Despite phenomenon like prescription painkiller addiction and pill mills, the Food and Drug Administration recently rejected mandatory training for doctors who prescribe powerful long-acting narcotic painkillers. The announcement came after years of deliberation by the agency to try to come up with a method of curbing prescription painkiller abuse. A panel in 2010 vehemently rejected another proposal for doctors to voluntarily go through the training, and instead suggested mandatory training for all doctors.

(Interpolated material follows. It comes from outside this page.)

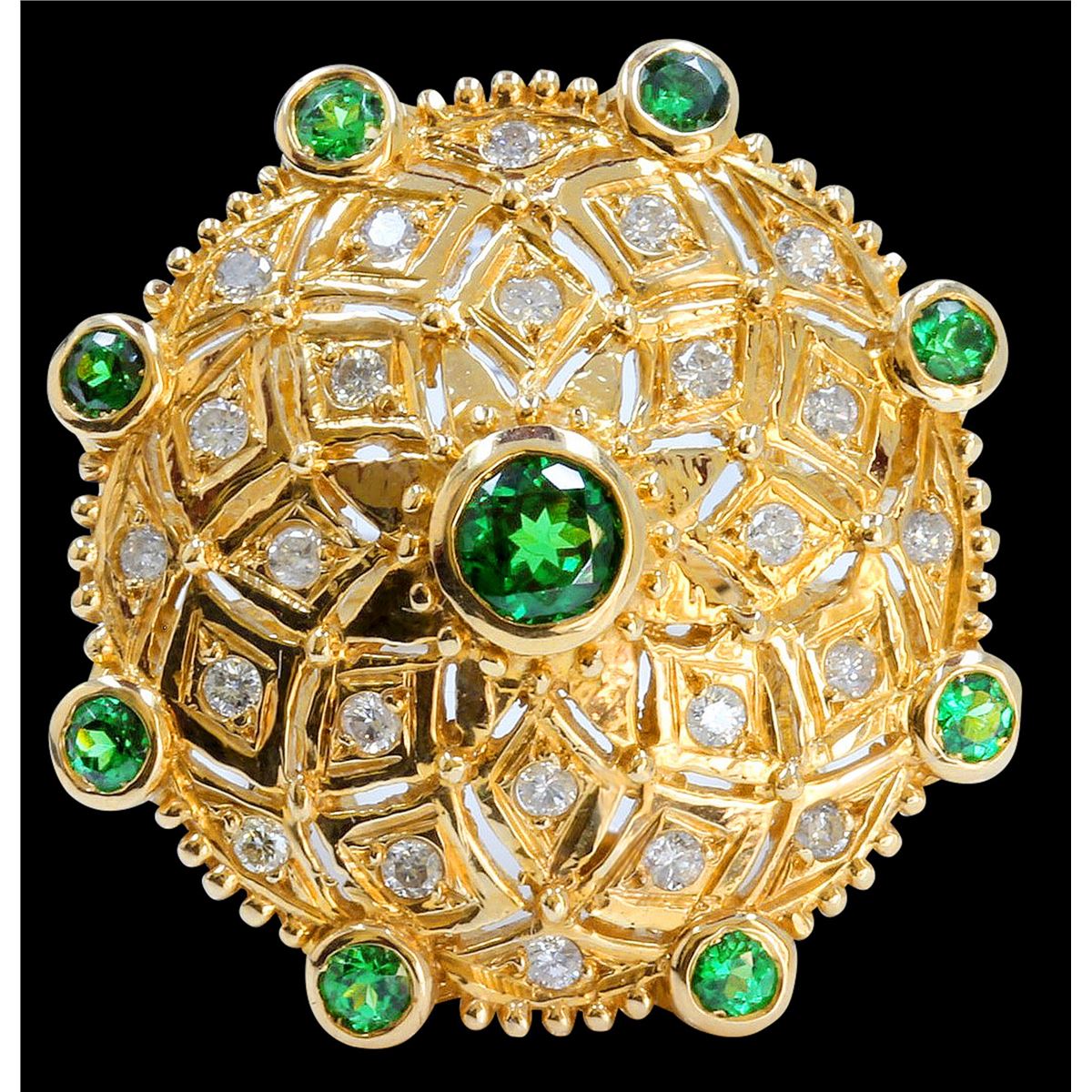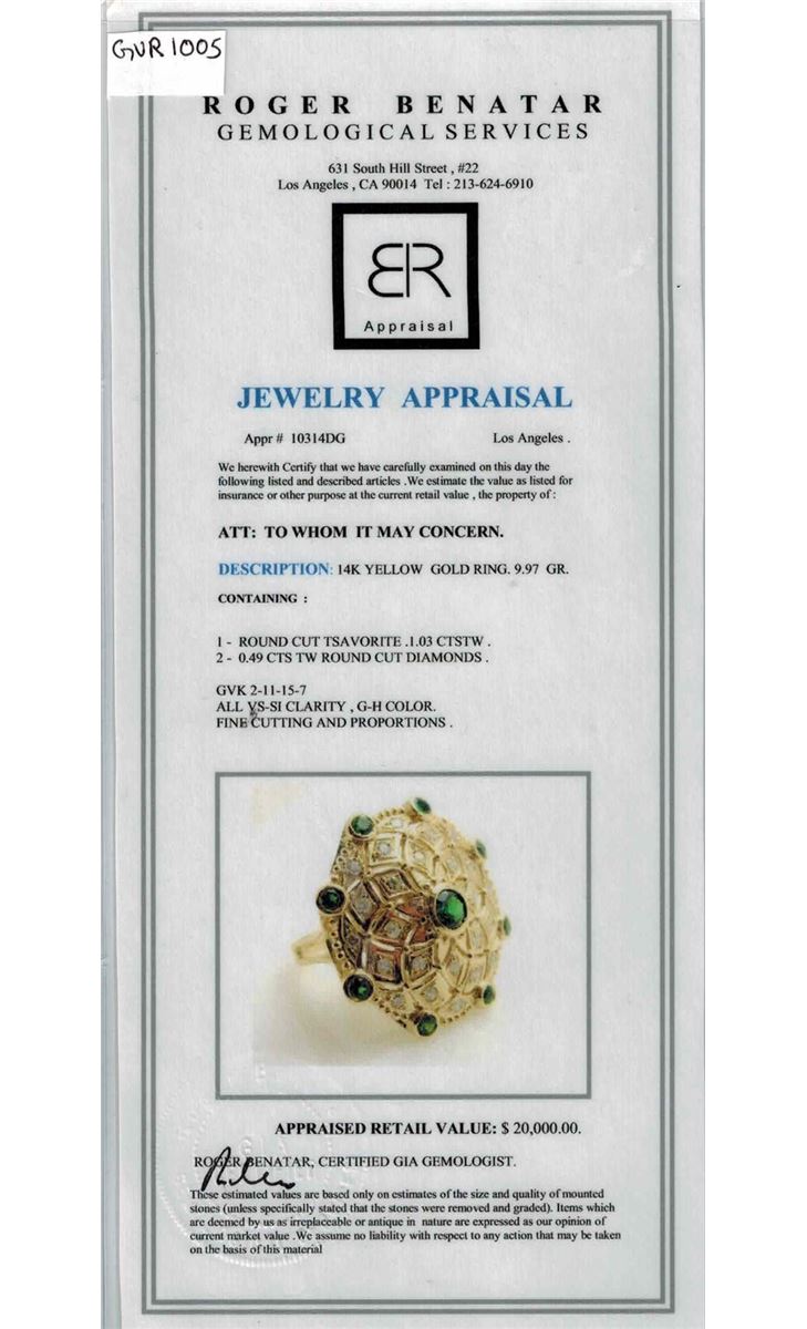 14K YELLOW GOLD NATURAL TSAVORITE RING:9.97 GRAMS/DIAMOND:0.49CT/TSAVORITE:1.03CT/#GVR1005

Groups such as the American Medical Association strongly oppose any mandatory training for doctors who prescribe painkillers, and argue that doing so would cut back the number of physicians available to treat patients that suffer from pain, as well as being burdensome to doctors. Nevertheless, the FDA Commissioner, Margaret Hamburg, announced on Monday that the agency is still hopeful that congress will pass mandatory training legislation soon to curb the problem of prescription painkiller abuse. In the meantime, the FDA has proposed a voluntary training program for doctors that include 2-3 hours of training and would be paid for by the companies that manufacture prescription painkillers, although those companies would have no say in what materials would be included in the training. Prescription drug companies would also be required to hand out brochures to patients explaining the risks of the drugs and instructions for emergency care. The FDA is hopeful that 60% of the 320,000 U.S. doctors who prescribe narcotic painkillers will undergo the training within three years of its implementation.